> TASK TO CARRY OUT: Transcribe only the lines in the data below falling between the line with "In about 30" and the line with "Timbales de zanahorias", including those two lines, and leave out any picture.

> TASK INPUT:

# # # # # # #

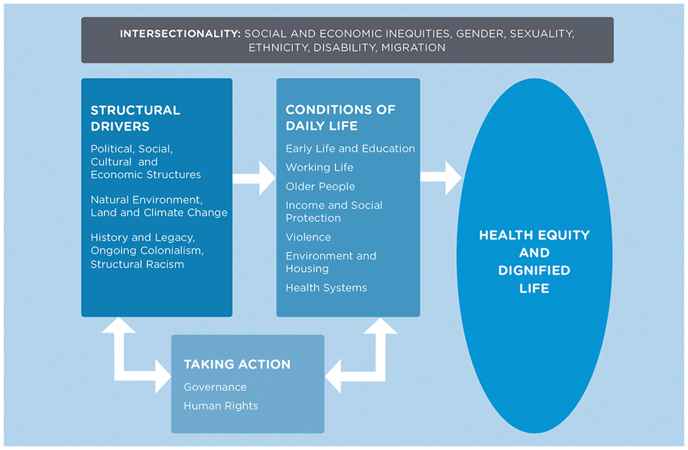 In 2018, Sir Marmot presiding over the Pan American Health Organization’s (PAHO) Commission on Equity and Health Inequalities in the Americas report, expanded the SDH framework to include structural drivers (e.g. institutional racism) and the intersection of various drivers as factors which adversely increase the experience of the social determinants of health, see Figure 112.
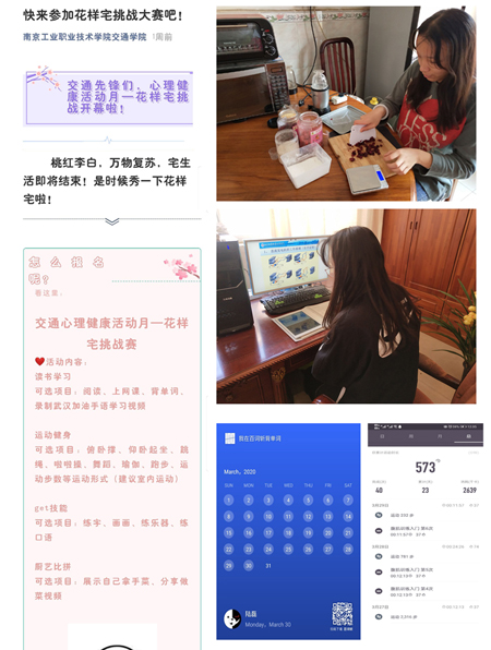 随着新型冠状病毒感染的肺炎疫情持续发展,交通工程学院密切关注学生居家学习生活带来的心理成长问题,进一步落实学校“逆境携行,你我同心”心理健康主题教育,引导学生在疫情防控期间正确认识挫折,及时调整负面情绪,提高心理免疫力,增加心理韧性等。学院积极利用微博、微信等新媒体平台发布疫情防护知识,开展促进相互关爱支持、倡导身心健康生活的“花样宅挑战赛”,为全面打赢疫情防控阻击战提供坚实的心理保障。
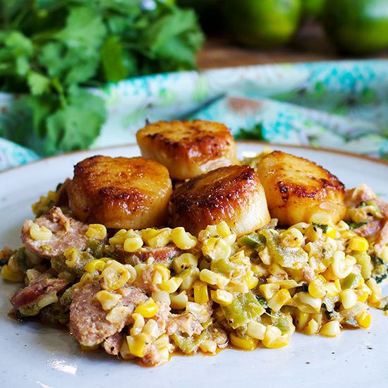 In about 30 minutes, you could be eating a plate full of roasted sweet corn and chorizo sausage that's been cooked in a creamy mixture of green chilies, scallions, garlic and jalapeños and topped with tender scallops gorgeously seared in chorizo oil.
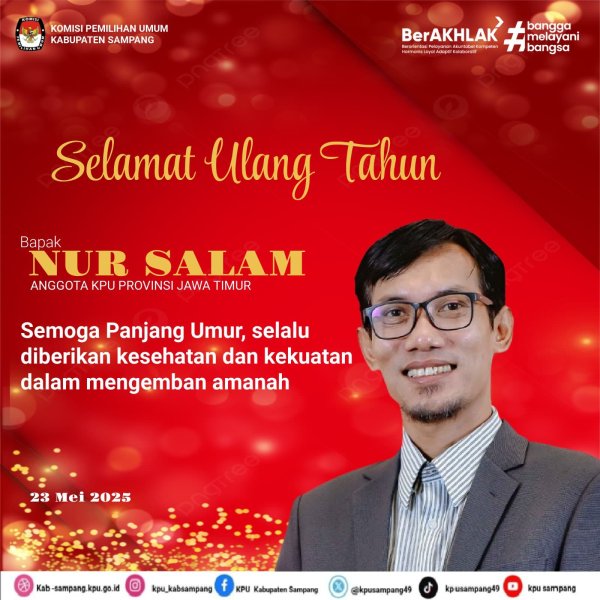 #TemanPemilih..... hari ini Jum'at, 23 Mei 2025, segenap keluarga besar KPU Kabupaten Sampang mengucapkan selamat ulang tahun kepada Anggota KPU Provinsi Jawa Timur Bapak Nur Salam
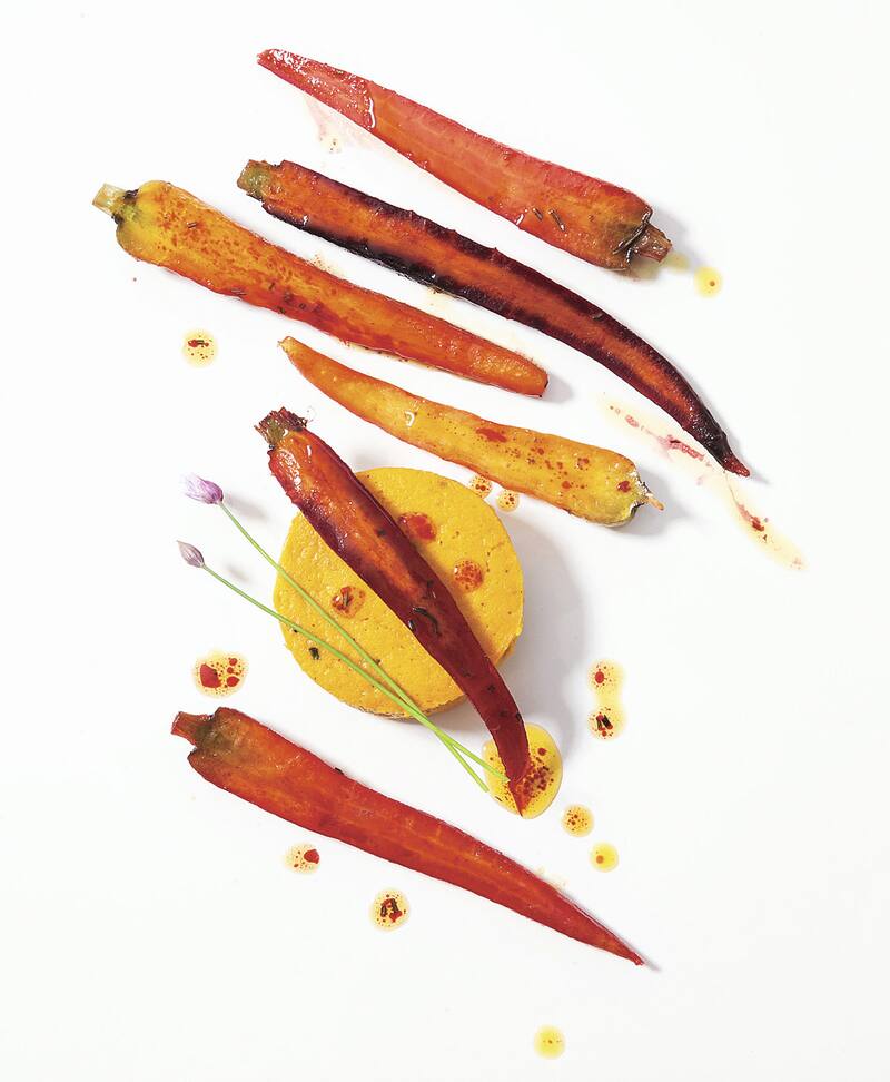 Timbales de zanahorias acompañados de zanahorias glaseadas con romero y naranja (para 3 personas)
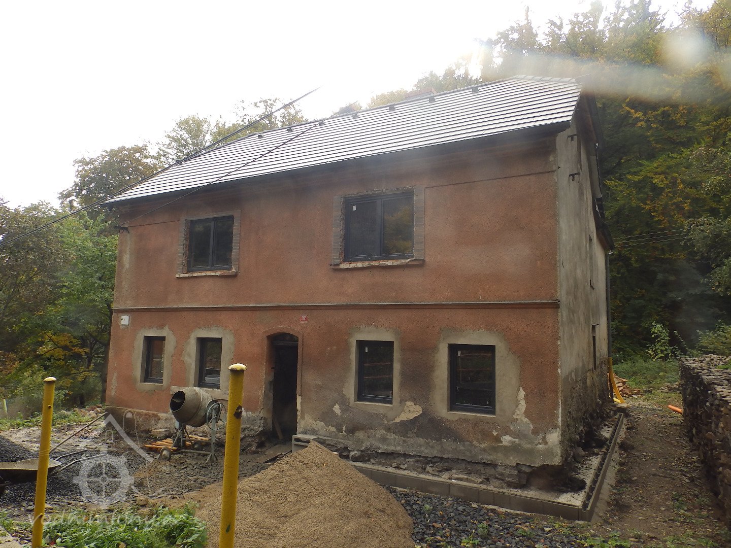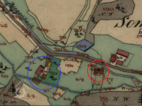 Horní mlýn s novější pilou v Rýznburku. Mlýn dnes prochází rekonstrukcí, z pily zůstala jen mohutná hráz z kvádříkového zdiva.
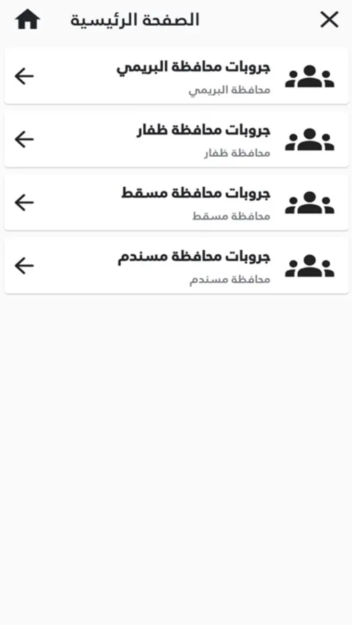 .. التطبيق ينظم الجروبات حسب المحافظات
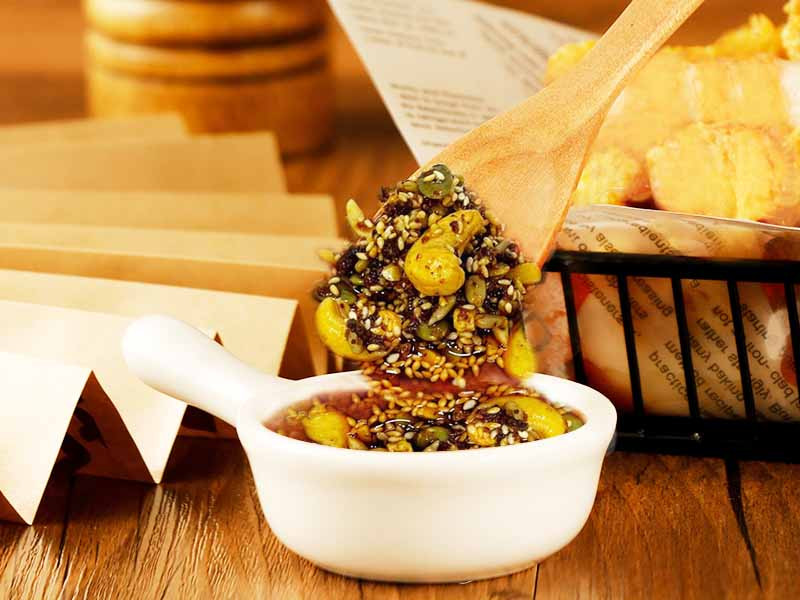 目前世界公認且連日本著名腦科醫學博士 山嶋哲盛都推薦食用的健康植物油就是 玄米油。呷富貴-傳家養生椒麻堅果辣醬,選用 高品質頂級玄米油,耐高溫、不易產生毒素、 高營養,富含維生素B1、E,更具有獨特抗氧化力 的穀維素能有助於減少自由基的產生, 玄米油滴滴營養健康,呷富貴堅持給您最好。

# # # # # # #

> THE ANSWER:
 In about 30 minutes, you could be eating a plate full of roasted sweet corn and chorizo sausage that's been cooked in a creamy mixture of green chilies, scallions, garlic and jalapeños and topped with tender scallops gorgeously seared in chorizo oil.
 #TemanPemilih..... hari ini Jum'at, 23 Mei 2025, segenap keluarga besar KPU Kabupaten Sampang mengucapkan selamat ulang tahun kepada Anggota KPU Provinsi Jawa Timur Bapak Nur Salam
 Timbales de zanahorias acompañados de zanahorias glaseadas con romero y naranja (para 3 personas)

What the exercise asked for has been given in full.